→ **DATA RECORDS**:
───

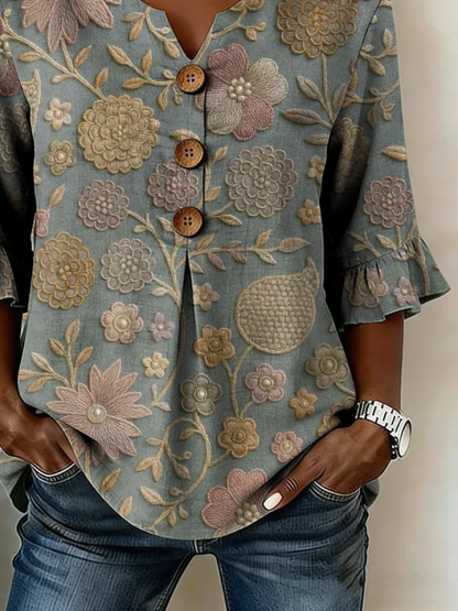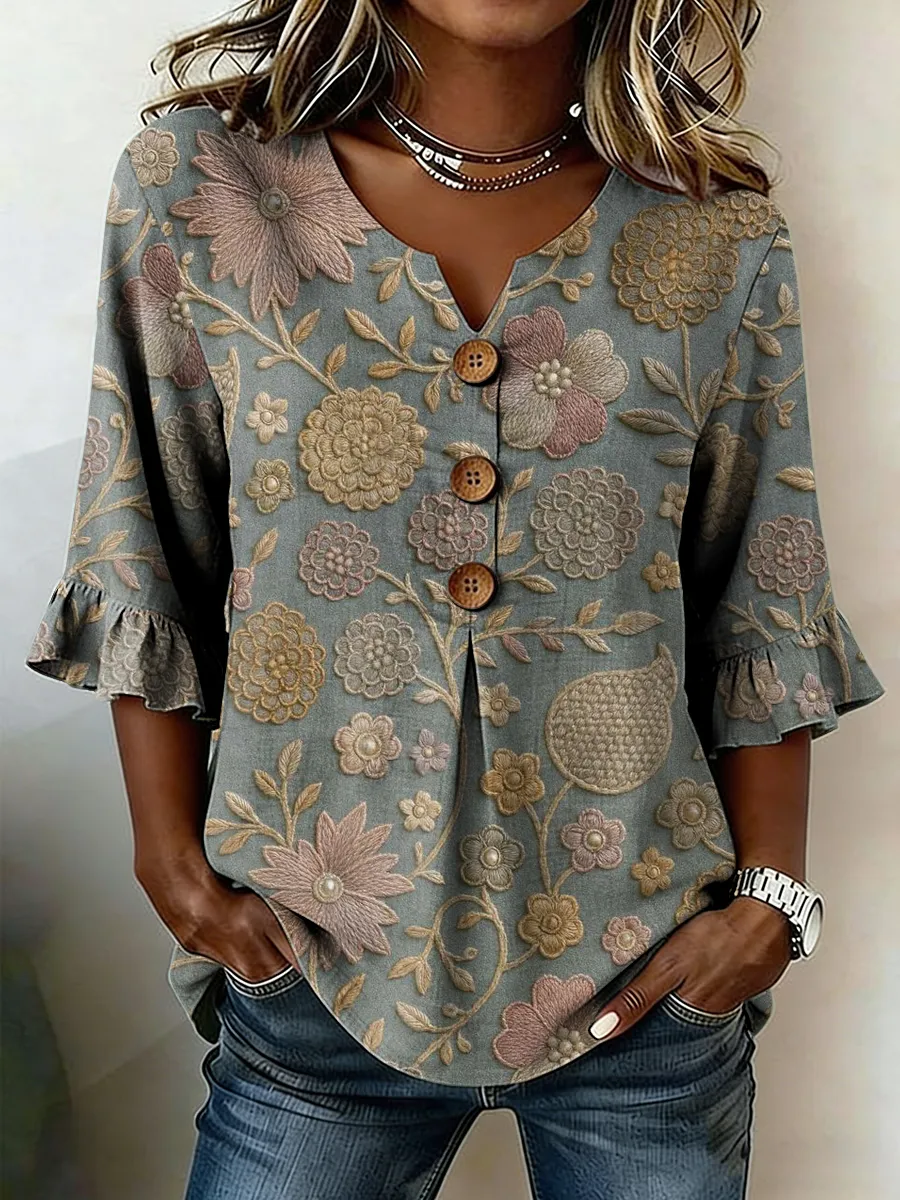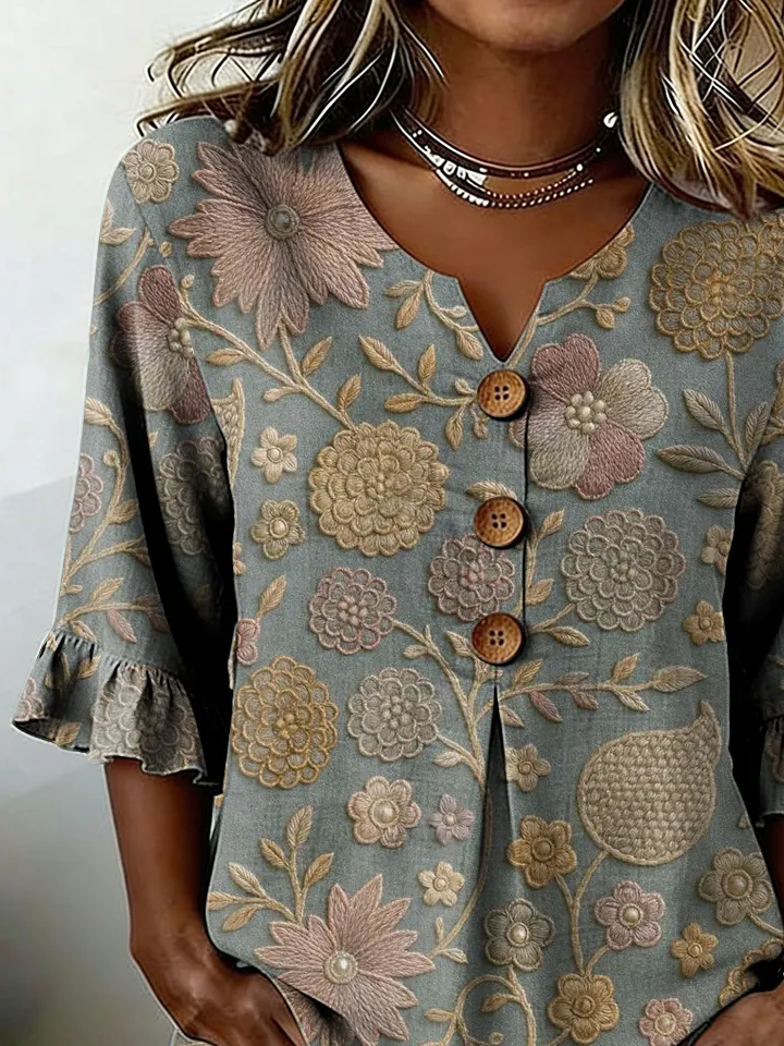 Women's Half Sleeve Blouse Summer As Picture Floral Printing V Neck Daily Going Out Vintage Top
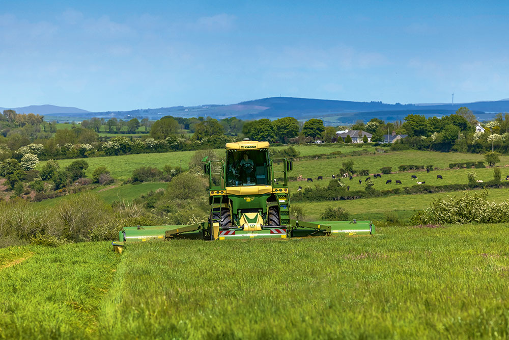 Spelle, April 2022 - KRONE introduces a new feature on the BiG M self-propelled high-performance mower conditioner and its front mower. The side-shifting mechanism on the front mower which is now available as an auto feature that adjusts the side-shift relative to the current slope gradient. The benefit of this is no striping in sloping fields and curved lines.
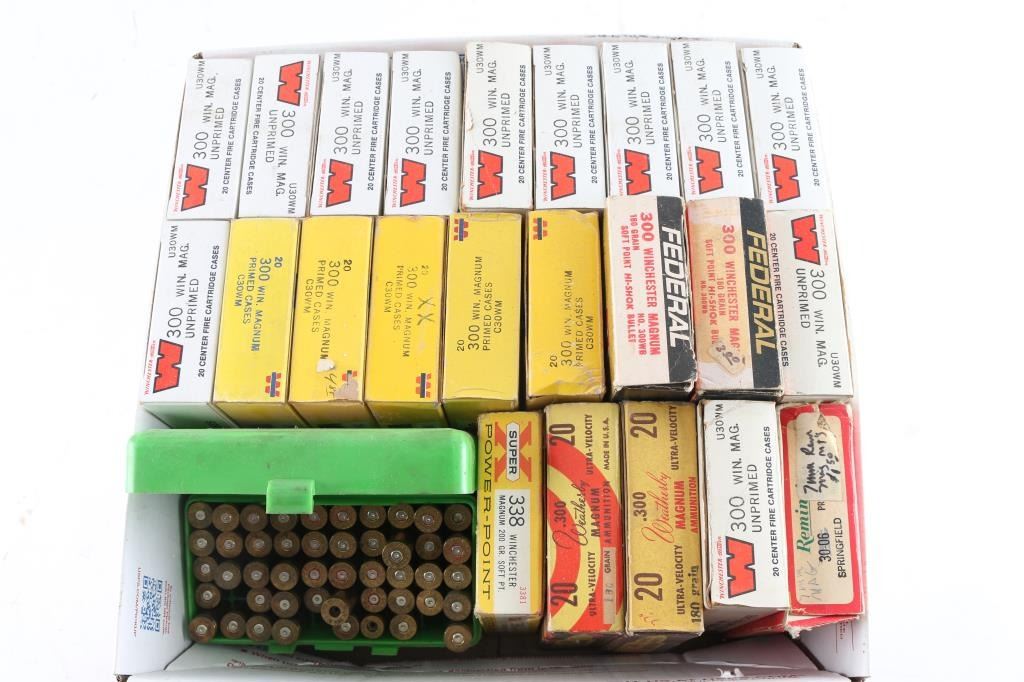 also some other calibers (338 Win Mag, 300 Wby Mag), most in factory boxes. Weighs over 19 pounds, 23 boxes.
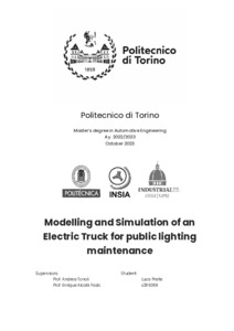 Modelling and Simulation of an Electric Truck for public lighting maintenance.
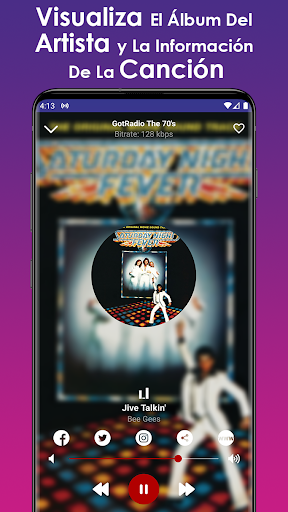 En las estaciones de radio que citamos a continuación puedes encontrar lo mejor de los años 70 y toda la música disco: 70's Classics, Classic Hits 109 - The 70s, Magic 70s Florida, 181.FM Super, 70s Disco Nights, 011.FM - Retro 70s, entre muchas mas. Esta App no funciona offline o sin internet ya que es necesario para que se reproduzcan todas las estaciones de radio correctamente.

───

Print only the lines from the one with "also some other" through the last line of the data above, exactly and with both ends, and please omit any pictures.

 also some other calibers (338 Win Mag, 300 Wby Mag), most in factory boxes. Weighs over 19 pounds, 23 boxes.
 Modelling and Simulation of an Electric Truck for public lighting maintenance.
 En las estaciones de radio que citamos a continuación puedes encontrar lo mejor de los años 70 y toda la música disco: 70's Classics, Classic Hits 109 - The 70s, Magic 70s Florida, 181.FM Super, 70s Disco Nights, 011.FM - Retro 70s, entre muchas mas. Esta App no funciona offline o sin internet ya que es necesario para que se reproduzcan todas las estaciones de radio correctamente.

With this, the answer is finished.